Cela vous fera un roman sans conclusion, à la moderne,—car vous l'écrirez, n'est-ce pas? Sinon, à quoi bon? Et ainsi l'ombre fugitive s'arrêtera un instant et les passances vaines se réaliseront—oh! bien relativement—au souffle créateur de l'Art.
Sans conclusion,—à moins que la Logique ne vous impose des devoirs supérieurs.
Sans conclusion,—mais je n'ai pas la cruauté, vous sachant dénué d'imagination, de vous laisser la torture de courir en vain après la solution des deux ou trois inquiétudes que firent surgir en votre esprit mes paroles inconsidérées. Je tiens donc à vous expliquer les quelques mystères—psychologiques et antres—qui pourraient troubler la sérénité de vos matins.
D'abord, comment je suis partie? Ah! ne me le demandez pas, je ne le sais plus,—mais c'est irrévocable.
Que voulez-vous? Il m'a prise. Il fallait me prendre. Vous l'ai-je assez dit qu'il fallait me prendre et capter par de la force et de la ruse le vol de ma volonté? Il y a de si belles stratégies qu'on se rend, non à bout de résistances, mais parce que le coup est si bien joué que cela fait plaisir. Ah! vous croyez les femmes insensibles à l'Art? Enfin, cela est clair: il m'a prise.
Nous valsions. Il m'emportait: Emporte-moi où tu voudras!—C'est la première condescendance que, mentalement, je lui faisais.
C'était vers l'heure où la griserie du bal commençait à s'évaporer, à me laisser songer aux joies du sommeil. Il me demanda l'honneur (voyez, rien de prémédité, l'honneur) de me reconduire, juste au moment, où désirant partir, je craignais de partir et après l'éblouissement de me trouver seule dans la nuit. J'acceptai et l'envoyai s'assurer d'une voiture et m'y attendre. Mais il se trouva que je m'amusais encore; il dut se passer des heures. Enfin, je m'enfuis comme Cendrillon.

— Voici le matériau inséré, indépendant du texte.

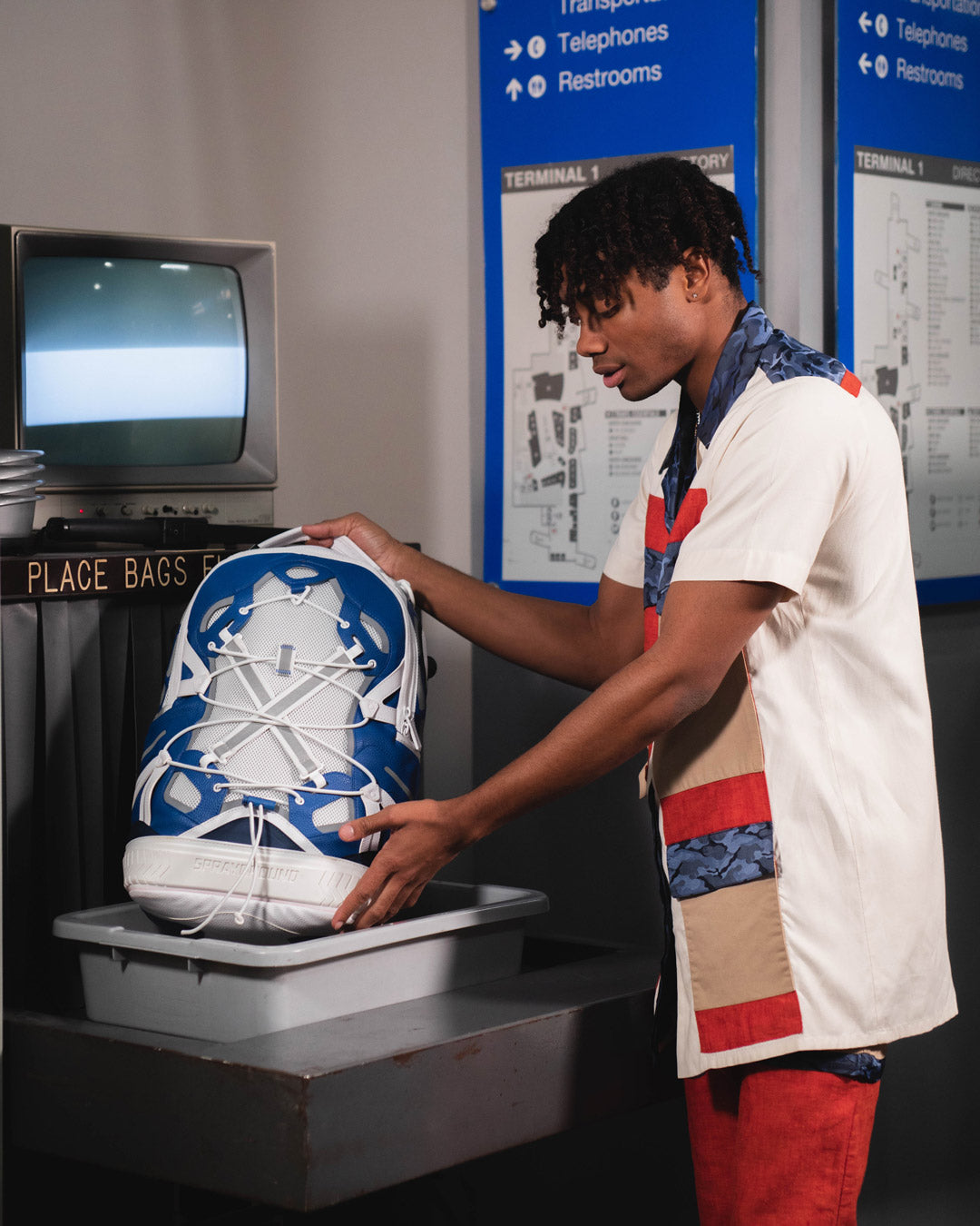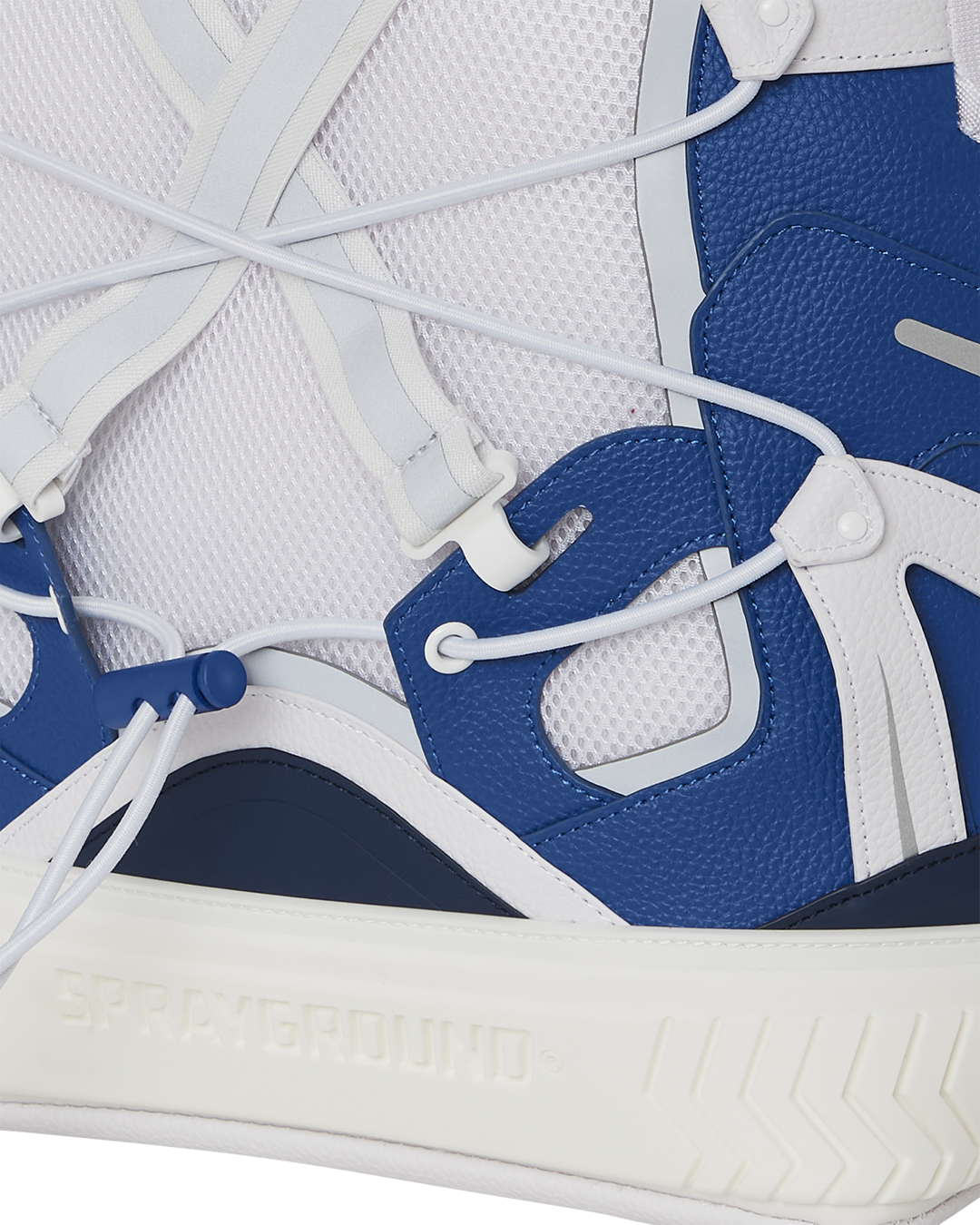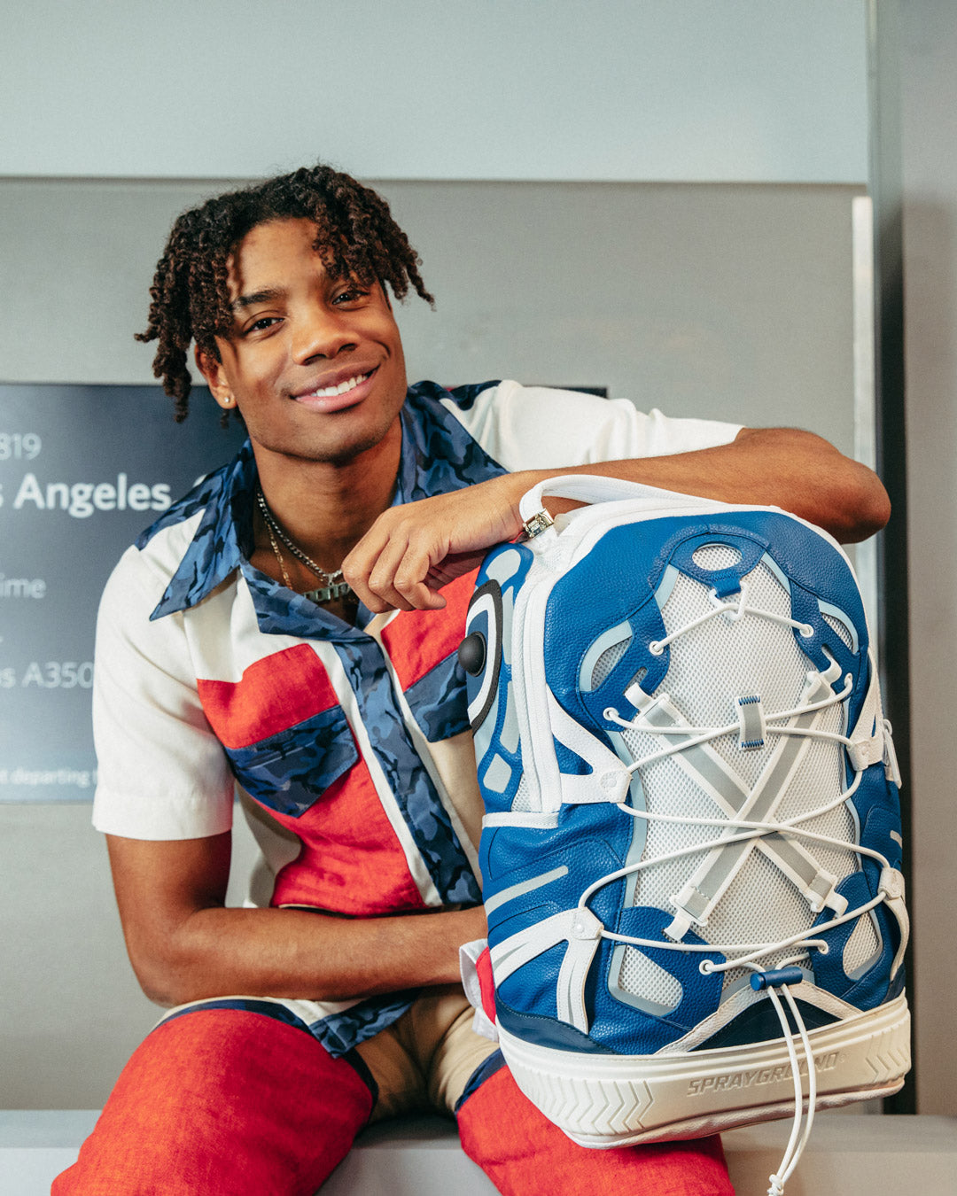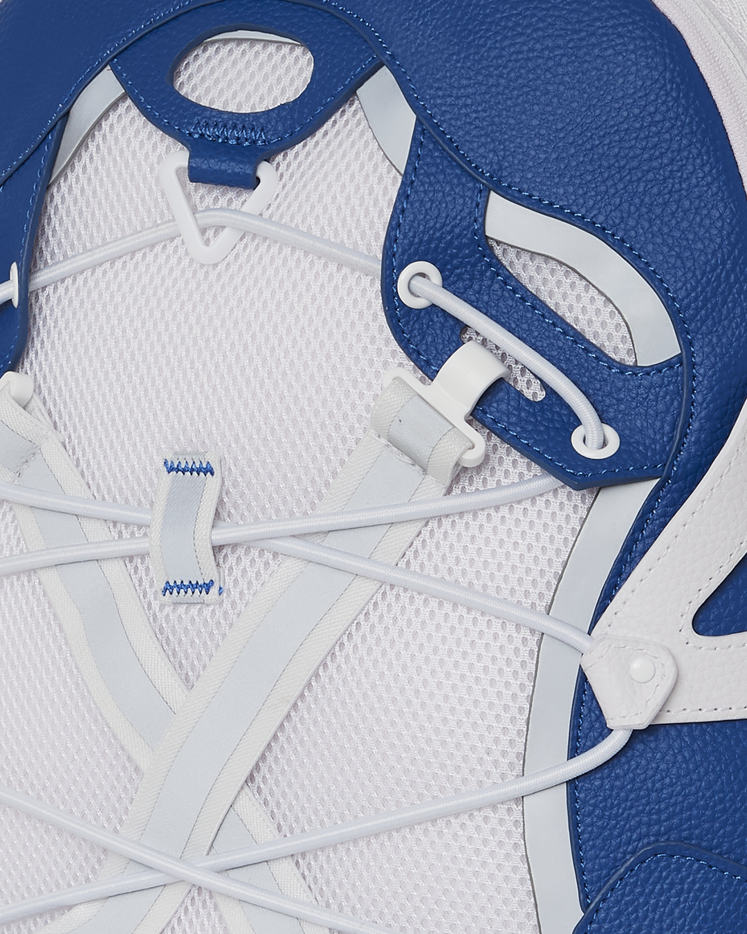 Dimensions: 18' x 6' x 11.5' • Front zipper pocket • Side pockets • Zippered Stash pocket • Separate velour sunglass compartment • Ergonomic mesh back padding • Adjustable Straps for custom sizing • Gold zippers with metal hardware • Metal 'Sprayground Authentic' badge • Slide through back sleeve connects to carry-on luggage to free your hands

Je lui avais dit d'attendre, il attendait.
Tout cela, je le crains, n'explique rien, mais la suite est bien plus inexplicable encore. Enfin, je ne veux que me justifier de tout complot et vous convaincre de ma parfaite innocence. Ce fut lui, ce pouvait être vous,—et je croyais que cela serait vous.
Voyons, est-ce ma faute? La fleur appartient à qui la cueille.